━━ Exercise data

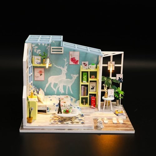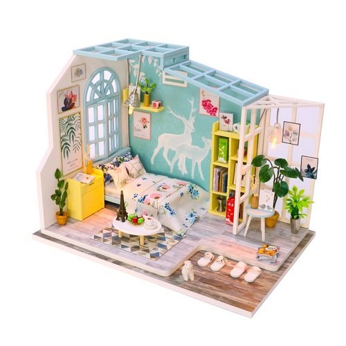Румбокс Diy House Летний сон - это милейший конструктор, дизайнеры которого сильно постарались воплотить мечты о жизни там, где круглый год светит солнце! Интерьер комнаты в свежих ярких тонах, необычный рисунок на обоях и кровать возле классического деревянного окна - это всё настолько приятно глазу и мило, что сборка румбокса будет настоящим удовольствием, а готовая комната будет радовать своего хозяина каждый день и час!
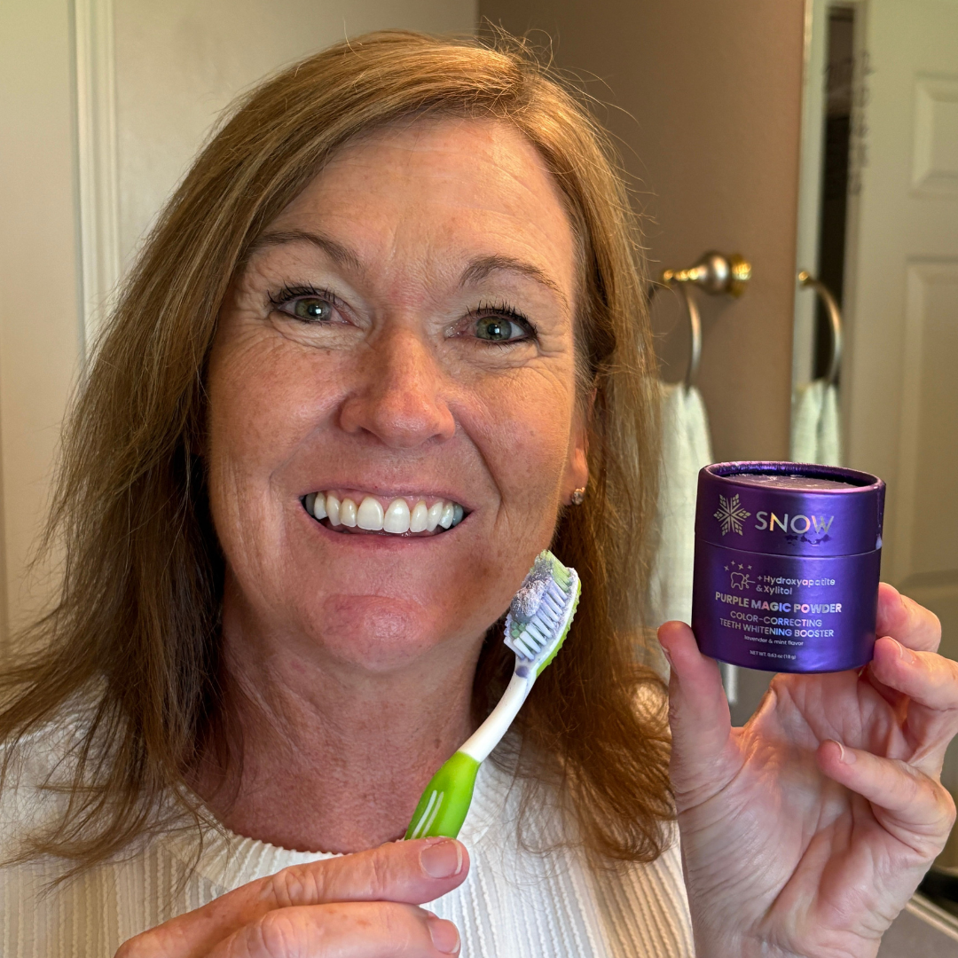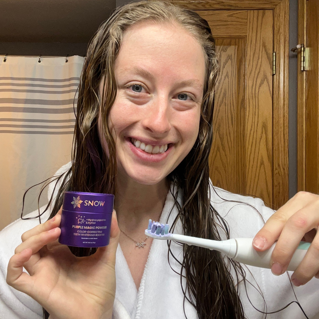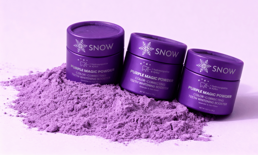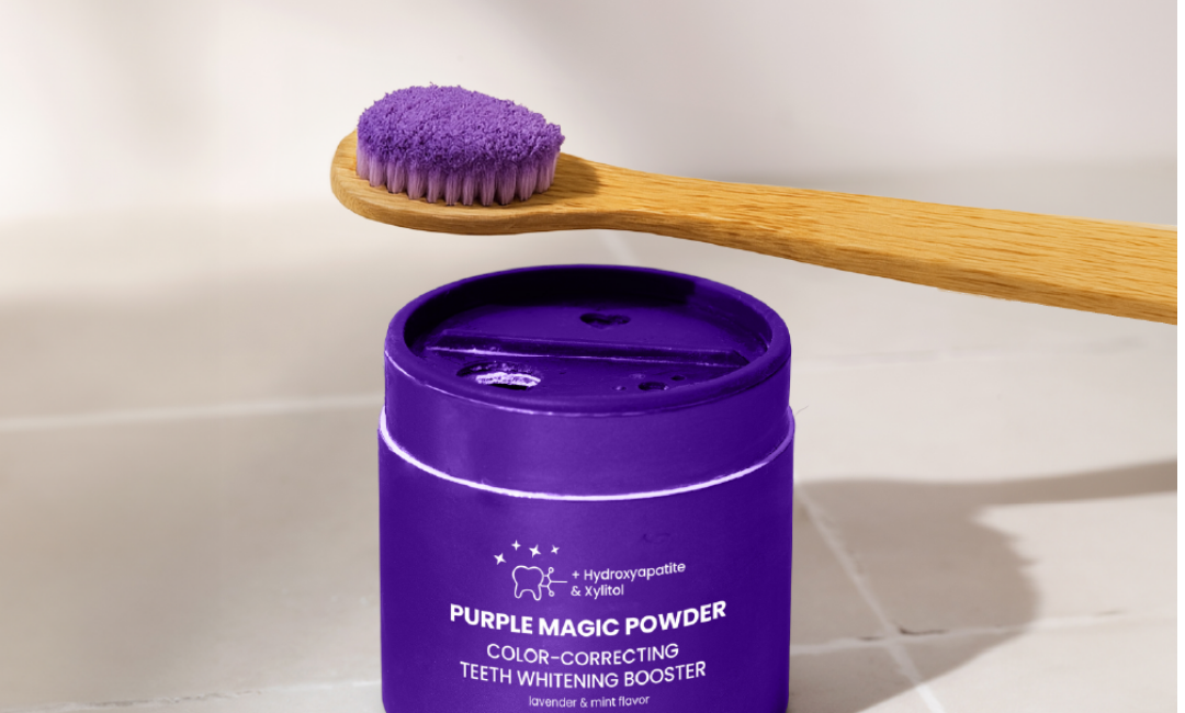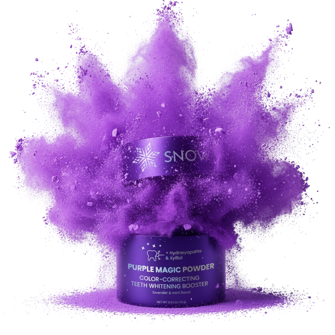 Sprinkle purple powder on any toothpaste. Brush normally. See instant brightening. Feel zero sensitivity.
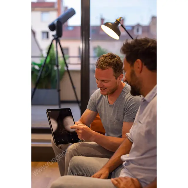 Телескоп выполнен очень компактно и хорошо подходит для путешествий. Управление – максимально простое, но при этом по функциональным возможностям телескоп нельзя назвать моделью для начинающих. Он демонстрирует картинку профессионального уровня и дает возможность вести очень точные наблюдения за объектами космоса, не прилагая к этому чрезмерных усилий. Также удобно, что можно вести групповые наблюдения: к телескопу можно подключать до 10 мобильных устройств одновременно.

━━━━

■ **What the task requires**
Please take the lines from the beginning of the data above through the line holding "Sprinkle purple powder" and transcribe them exactly, without any pictures.

■ **Response below**
Румбокс Diy House Летний сон - это милейший конструктор, дизайнеры которого сильно постарались воплотить мечты о жизни там, где круглый год светит солнце! Интерьер комнаты в свежих ярких тонах, необычный рисунок на обоях и кровать возле классического деревянного окна - это всё настолько приятно глазу и мило, что сборка румбокса будет настоящим удовольствием, а готовая комната будет радовать своего хозяина каждый день и час!
 Sprinkle purple powder on any toothpaste. Brush normally. See instant brightening. Feel zero sensitivity.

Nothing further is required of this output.